REQUIRED ACTION. Retype exactly the lines from the one containing "J'ai essayé, ça" through the last line of the records below, including both, and leave out any pictures.
##### EXCERPTED RECORDS
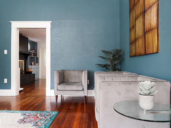 Welcome to your dream home in the heart of downtown! This stunning property offers the perfect blend of classic charm and modern upgrades. With three spacious bedrooms, two large living areas, a laundry room, a sunroom, and a dreamy front porch, this home has everything you need for comfortable living. The home boasts beautiful original hardwood flooring throughout, adding a touch of timeless elegance. The two bay garage provides ample space for all your hobbies, while the fenced-in private backyard features a covered patio area perfect for outdoor entertaining. Inside, you'll find a beautiful electric fireplace, upgraded plumbing, all-new interior and exterior paint, stunning custom built-ins, and ample storage space. This home is completely move-in ready, including a refrigerator, washer, dryer, and all window treatments. Don't miss out on this downtown charmer - it's the perfect mix of upgrades and original charm, ready for you to call it home!
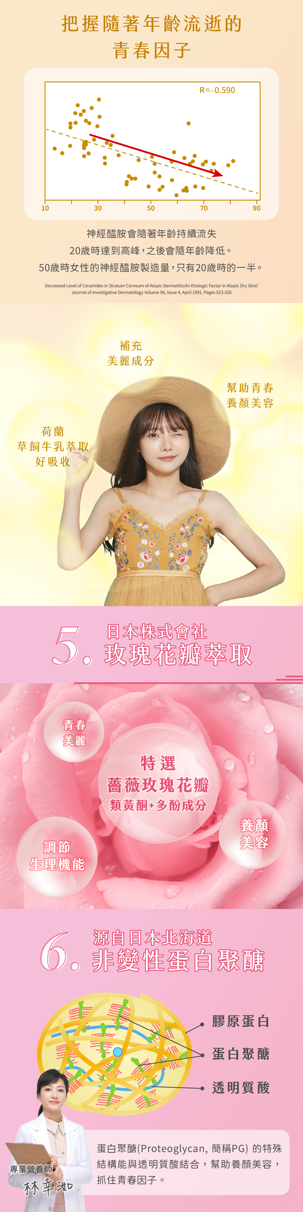 添加源自日本北海道的非變性蛋白聚醣,蛋白聚醣(Proteoglycan, 簡稱PG) 的特殊結構能與透明質酸結合,幫助養顏美麗,抓住青春因子。
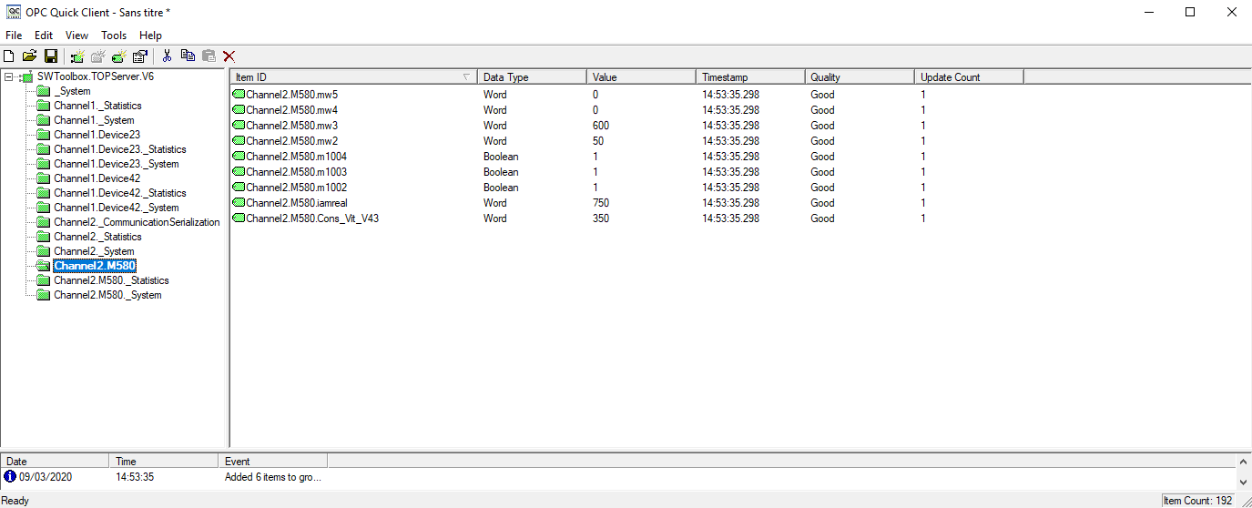 J'ai essayé, ça ne change rien. ça communique avec l'opc, mais de top server à intouch, pas du tout...
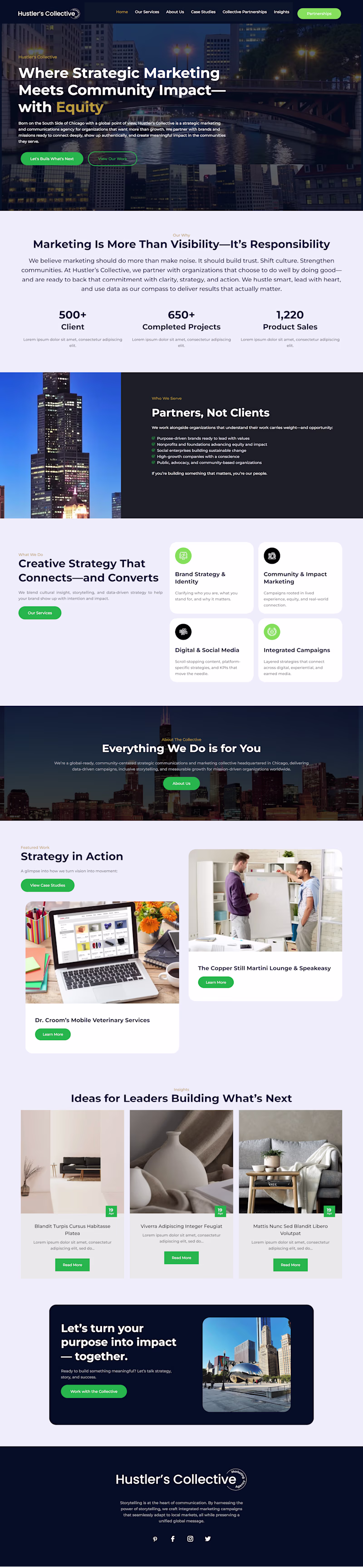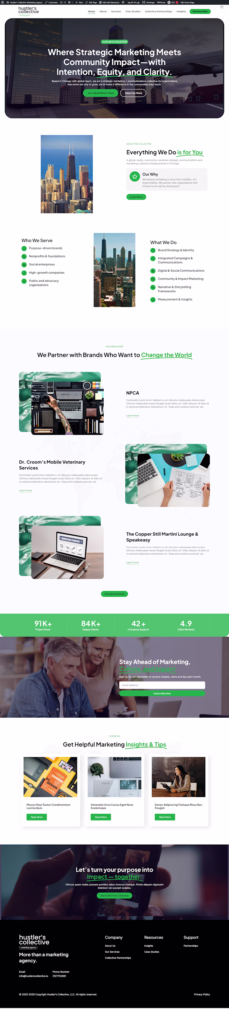 Currently building a responsive WordPress site for Hustler’s Collective Marketing Agency — a Chicago-based, community-centered strategic marketing and communications collective with global reach. The website...
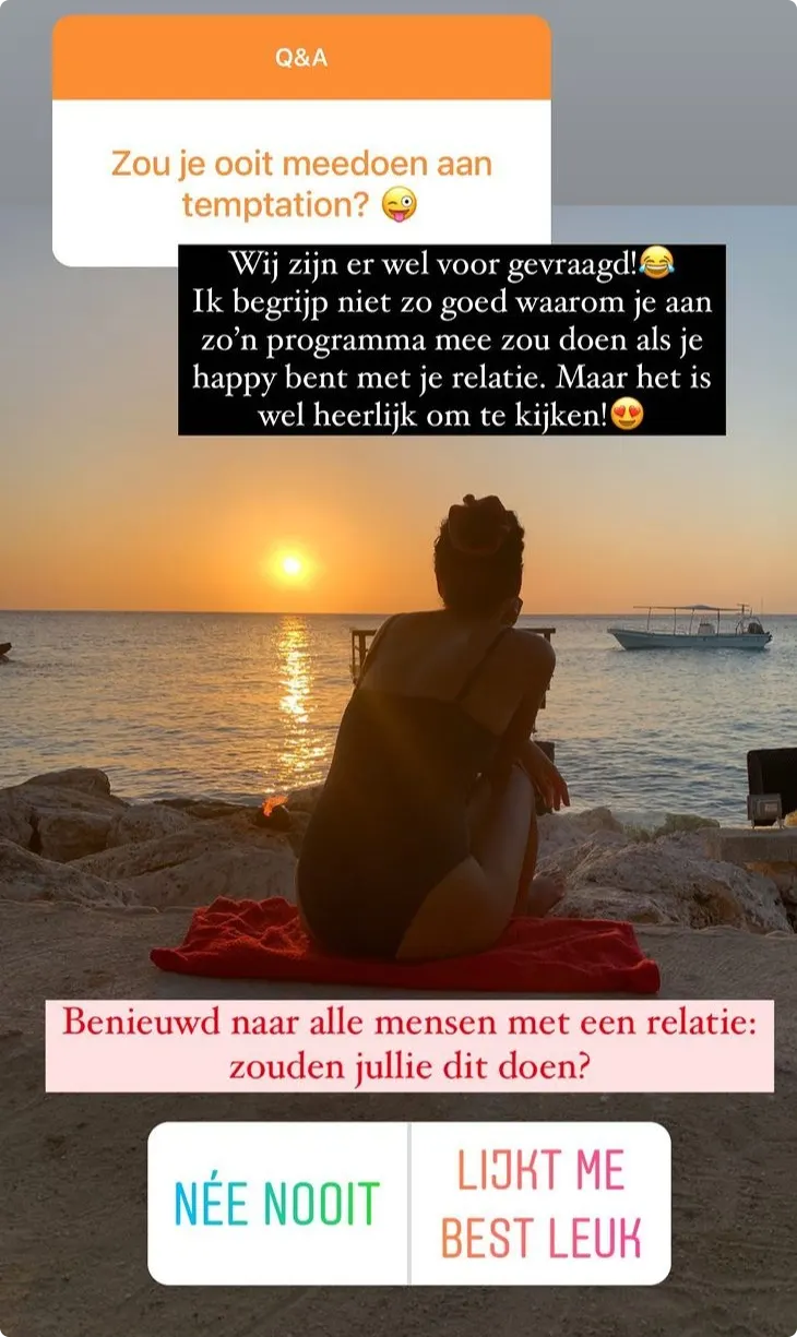 Moïse Trustfull laat weten dat zij en haar vriend Kaj van der Voort zijn gevraagd om mee te doen aan het programma. Maar ze hebben vriendelijk bedankt. "Wij zijn er wel voor gevraagd', reageert Moïse in een Q&A op haar Instagram Stories. "Ik begrijp niet zo goed waarom je aan zo'n programma mee zou doen als je happy bent met je relatie. Maar het is wel heerlijk om te kijken", biecht ze op. De dochter van Quinty leerde Kaj in de zomer van 2015 kennen. Pas later is de vonk tussen de twee overgesprongen.
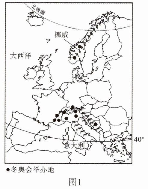 (2)冬奥会举办地多分布于阿尔卑斯山脉附近,该地区被称为“冬季运动之乡”。分析阿尔卑斯山脉附近适合举办冬奥会的原因。
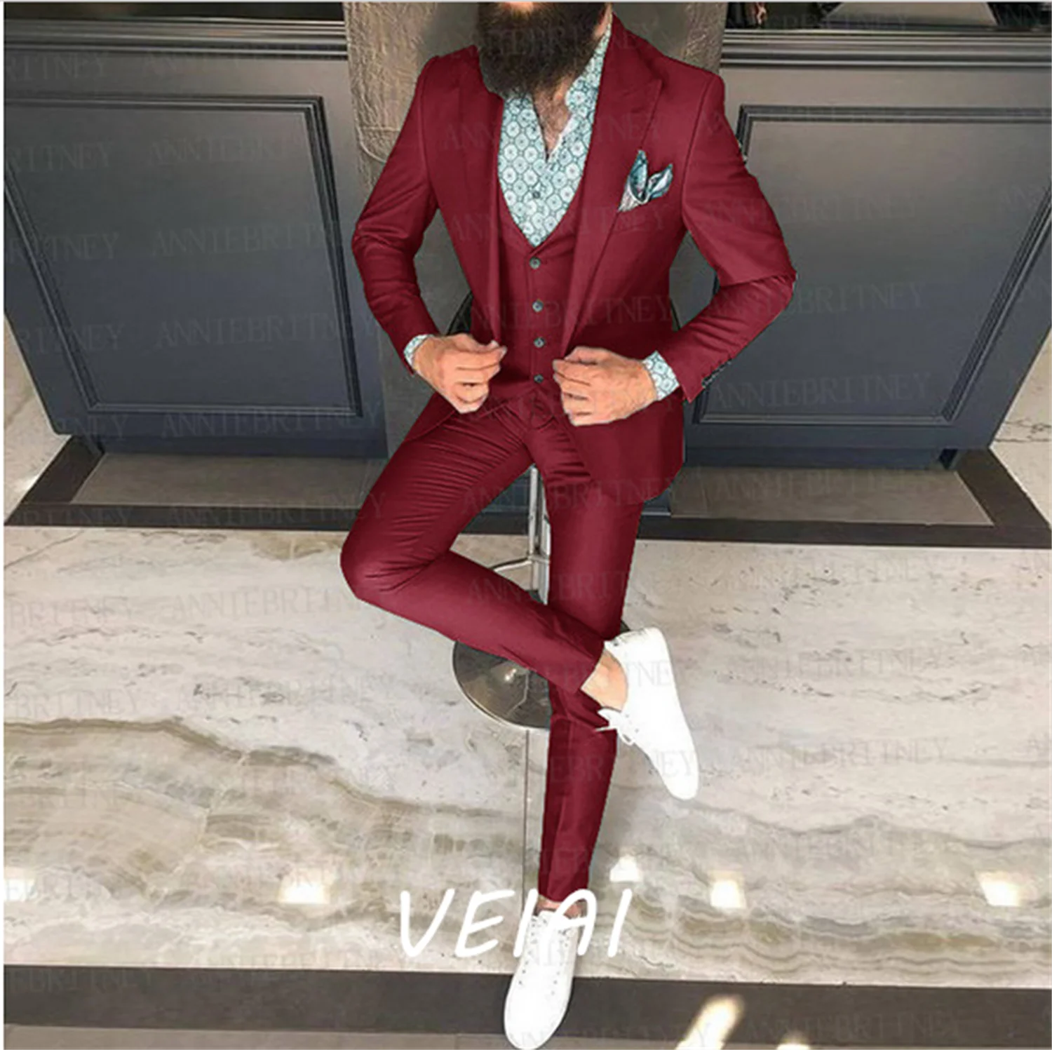 CustomizedMen Slim Fit Suits 3 Pieces Tailored Oversize Men Blazer Dress Groom Wedding Man Suit 2022 Fashion Tuxedo Jacket Vest
##########
RESULT BELOW.
 J'ai essayé, ça ne change rien. ça communique avec l'opc, mais de top server à intouch, pas du tout...
 Currently building a responsive WordPress site for Hustler’s Collective Marketing Agency — a Chicago-based, community-centered strategic marketing and communications collective with global reach. The website...
 Moïse Trustfull laat weten dat zij en haar vriend Kaj van der Voort zijn gevraagd om mee te doen aan het programma. Maar ze hebben vriendelijk bedankt. "Wij zijn er wel voor gevraagd', reageert Moïse in een Q&A op haar Instagram Stories. "Ik begrijp niet zo goed waarom je aan zo'n programma mee zou doen als je happy bent met je relatie. Maar het is wel heerlijk om te kijken", biecht ze op. De dochter van Quinty leerde Kaj in de zomer van 2015 kennen. Pas later is de vonk tussen de twee overgesprongen.
 (2)冬奥会举办地多分布于阿尔卑斯山脉附近,该地区被称为“冬季运动之乡”。分析阿尔卑斯山脉附近适合举办冬奥会的原因。
 CustomizedMen Slim Fit Suits 3 Pieces Tailored Oversize Men Blazer Dress Groom Wedding Man Suit 2022 Fashion Tuxedo Jacket Vest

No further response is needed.